Figure 4. Predicted effects of signals conducted along the vessel wall on network characteristics.

For a mesenteric network with 546 vessel segments, the conduction sensitivity was varied around the value used for ‘normal adaptation’ (vertical dashed line). Reduction of conduction strength below this level leads to a small increase in diameter mismatch and to development of a pronounced oxygen deficit despite a fixed level of bulk tissue perfusion.

Figure 5. Computer visualizations of a mesenteric network and the tumor network color coded for .

Top row: results obtained with measured vessel diameters. Middle and bottom rows: simulated ‘normal adaptation’ and ‘tumor adaptation’. The tumor network with measured diameters and either network subjected to ‘tumor adaptation’ (right column) exhibit high structural heterogeneity and uneven flow distribution in comparison to the mesentery network and either network subjected to ‘normal adaptation’ (left column). For the adapted networks, results of individual randomized runs are shown. Values of oxygen deficit (O_2def) and diameter mismatch (d³ _var) were similar to the mean values reported in Figure 3. For the sake of a better representation of individual vessel segments, only parts of the simulated networks are shown. The mesentery network comprised a total of 546 vessels supplying an area of about 4×7 mm, whereas the tumor vascular network comprised a total of 290 vessels in an area of about 1×0.8 mm.

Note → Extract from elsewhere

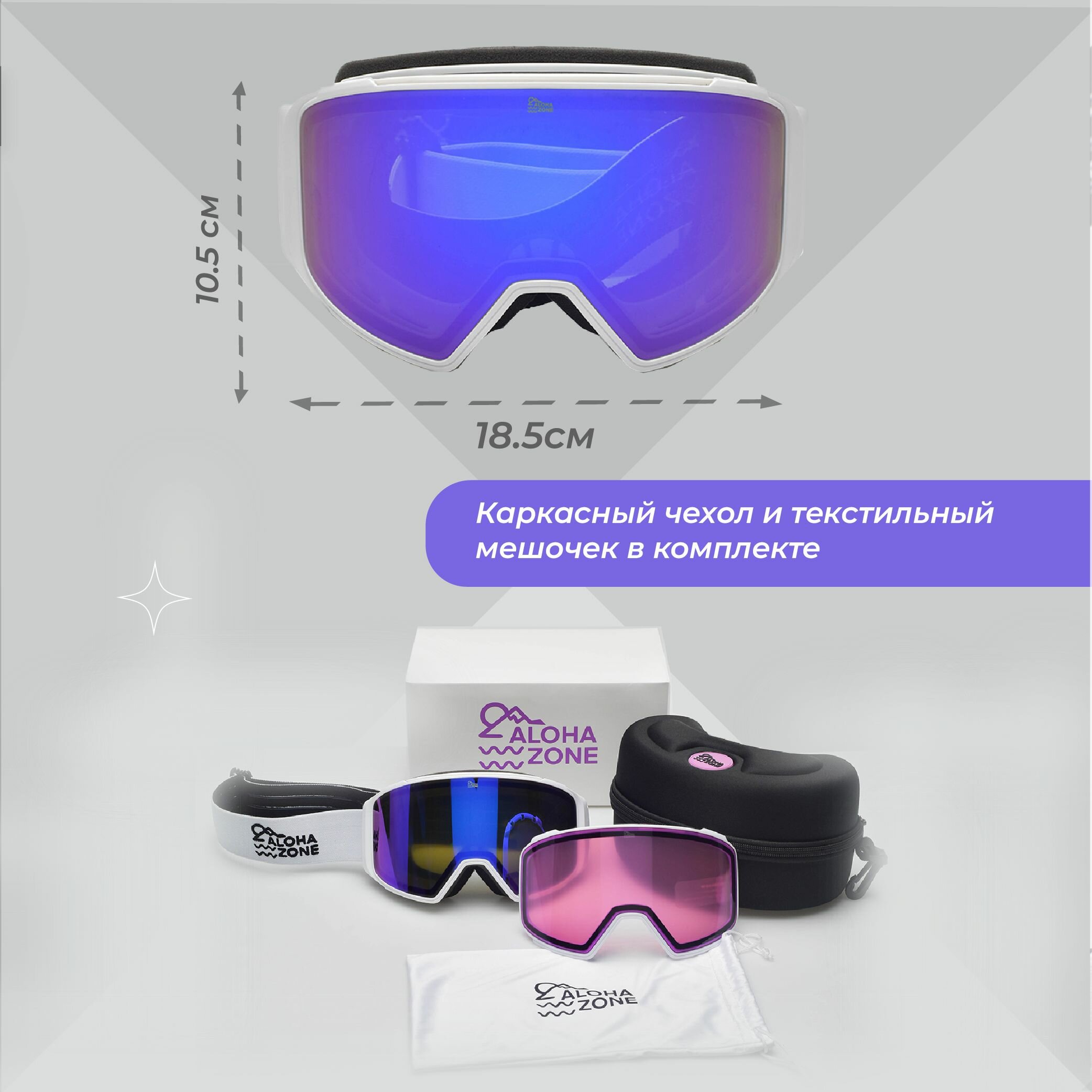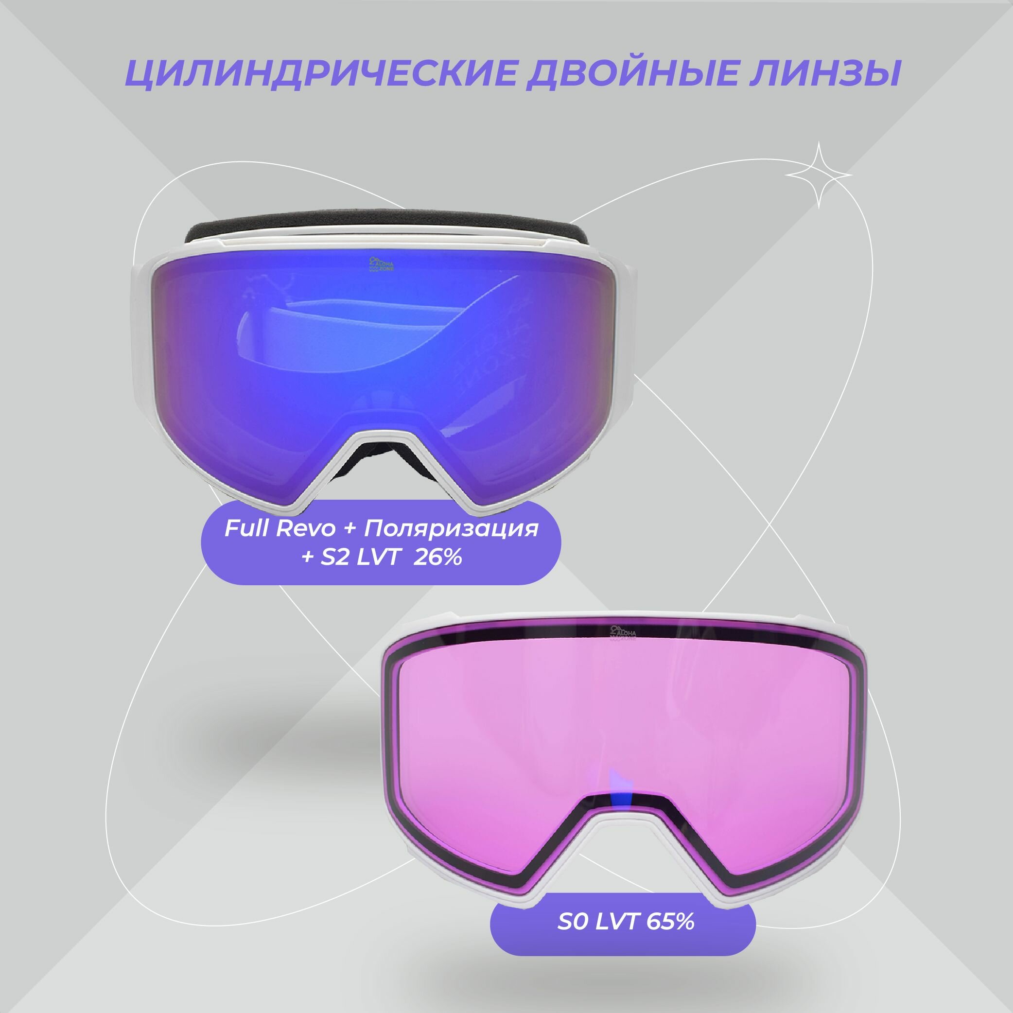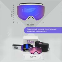 Горнолыжная маска сноубордическая строгой формы, две двойные сменные линзы в комплекте с защитным боксом и чехлом. Основная линза (Full Revo + Поляризация + S2 LVT 26%), вторая линза для вечернего катания (S0LVT65%) Дизайн спортивных очков, широкий обзор, а кроме того, идеальная посадка и идеальная совместимость со шлемами. Маски для сноуборда и горных лыж. 2 двойные линзы на магнитах в комплекте: для ясной , пасмурной погоды и искусственного освещения. Технологии Full Revo и Polarization, антибликовое покрытие, устойчивое к царапинам. Двойной поролоновый слой и слой из мягкой ткани в местах прилегания к лицу. Удобная регулировка размера. Вентиляционные отверстия в маске также препятствуют запотеванию дополняя функционал Anti-Fog . Широкий стреп 4,5 см с противоскользящими силиконовыми вставками

Figure 6. Schematic illustration showing hypothesized effect of information transfer on flow and oxygenation in networks.

Top: in normal tissue, information transfer ensures that long pathways (L) receive adequate flow and short pathways (S) are not overperfused. Bottom: in tumor tissue, loss of conducted responses causes functional shunting via short pathways (S). Long pathways (L) are underperfused and hypoxic. Red and blue colors denote high and low oxygen levels respectively.

Figure 7. Functional and structural parameters for mesenteric networks obtained using measured vessel diameters and after simulated adaptation.

Upper panel: oxygen deficit, O_2def. Lower panel: variability of cubed diameter at bifurcations, d³ _var. Three different adaptation modes are shown. The ‘deterministic adaptation’ (second bars from left) uses sensitivity parameters as previously established for mesenteric networks without considering diameter measurement error or biological heterogeneity. Levels for oxygen deficit and structural heterogeneity are lower than those using measured diameters. Inclusion of diameter measurement error brings the parameters close to those obtained with experimentally observed vessel diameters (third bars from left). The further addition of a biological variability in vascular sensitivity to local stimuli and optimization of sensitivity parameters (k_h, k_c, k_s and Ran-k_s) allows for a close match of the simulation results to the experimental situation (normal adaptation, right bars). Mean values for three networks are shown with standard deviations.